ACTIVITY ▸
Only the lines from the start of the data through the line with "植树现场,郑小胡、向青松等市" belong in the copy. Restate them word for word, minus the pictures.

*** DATA EXTRACT Section Begins ***

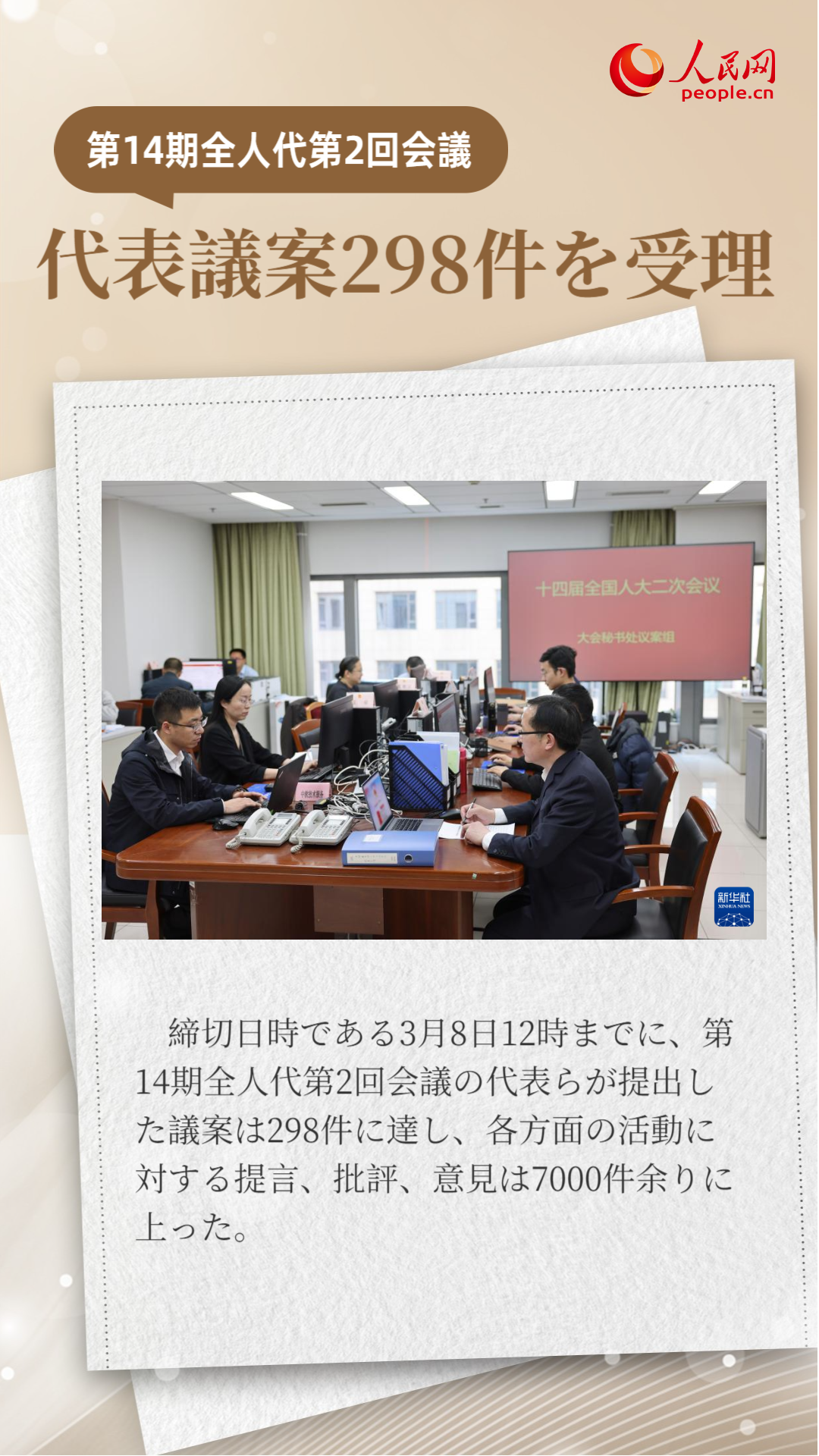 第14期全人代第2回會(huì)議は代表議案298件を受理
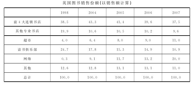 如今,网络、超市等的迅猛发展带来了新的革命,已经改变传统的完全依靠书店进行图书销售的模式。而这种变化乃是市场需求更有效的销售系统所带来的必然产物。以英国为例,其图书销售的市场构成如下:[62]
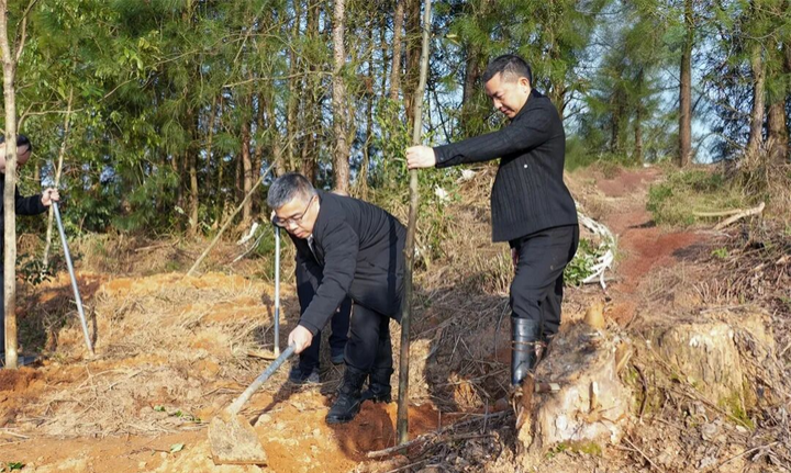 植树现场,郑小胡、向青松等市领导与志愿者、机关干部一起挥锹填土,合力栽下楠木、榉木、香樟、紫薇等苗木。植树间隙,郑小胡向有关负责同志详细了解苗木品种和林木保护等情况,叮嘱要加强苗木管护,提高成活率。他指出,要深入学习贯彻习近平生态文明思想和习近平总书记在湖南考察时的重要讲话和指示精神,牢固树立绿水青山就是金山银山的理念,坚持生态优先、绿色发展,绘就天蓝山绿水清的美丽洪江。
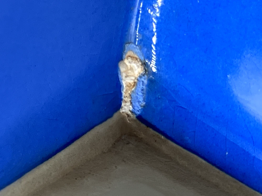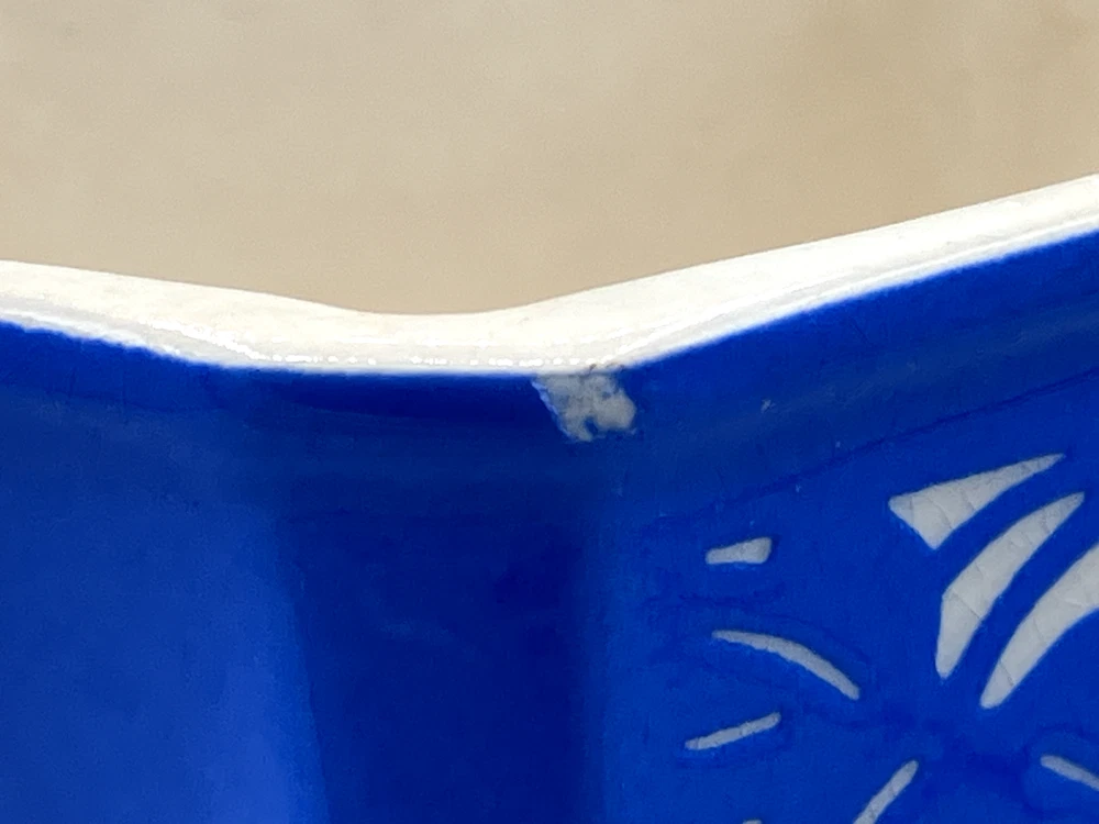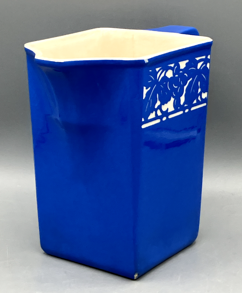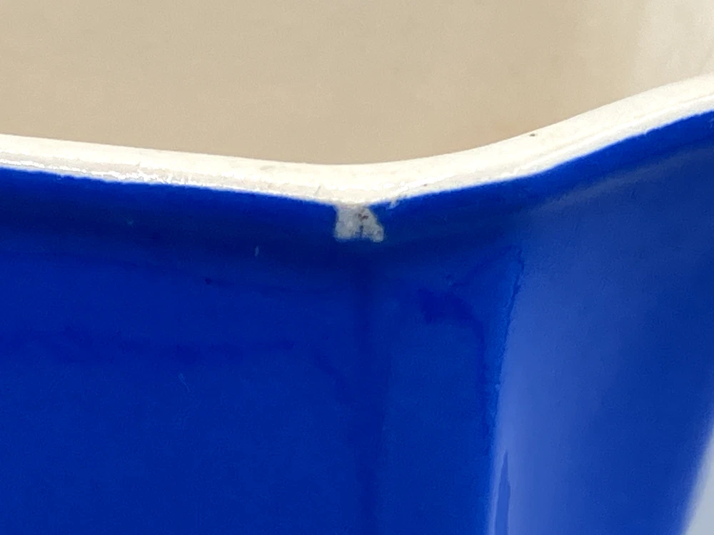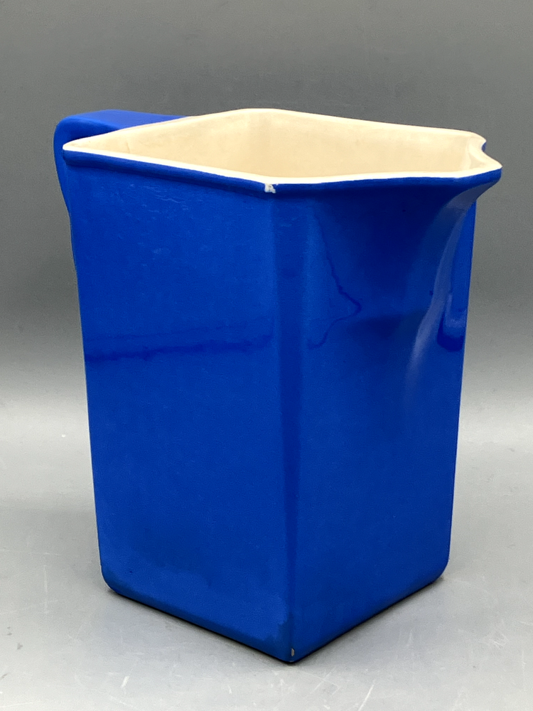 Antique Villeroy & Boch Dresden Saxony Pitcher Concord Pattern Blue Square. Mark on the bottom was dated between 1874 to 1909. In fine condition with 2 small chips and crack interior only, see pics. 6499 6" tall 6 1/2" handle to spout 1 lb 7 oz weight

*** DATA EXTRACT Section Ends ***

ANSWER BOX ▸
 第14期全人代第2回會(huì)議は代表議案298件を受理
 如今,网络、超市等的迅猛发展带来了新的革命,已经改变传统的完全依靠书店进行图书销售的模式。而这种变化乃是市场需求更有效的销售系统所带来的必然产物。以英国为例,其图书销售的市场构成如下:[62]
 植树现场,郑小胡、向青松等市领导与志愿者、机关干部一起挥锹填土,合力栽下楠木、榉木、香樟、紫薇等苗木。植树间隙,郑小胡向有关负责同志详细了解苗木品种和林木保护等情况,叮嘱要加强苗木管护,提高成活率。他指出,要深入学习贯彻习近平生态文明思想和习近平总书记在湖南考察时的重要讲话和指示精神,牢固树立绿水青山就是金山银山的理念,坚持生态优先、绿色发展,绘就天蓝山绿水清的美丽洪江。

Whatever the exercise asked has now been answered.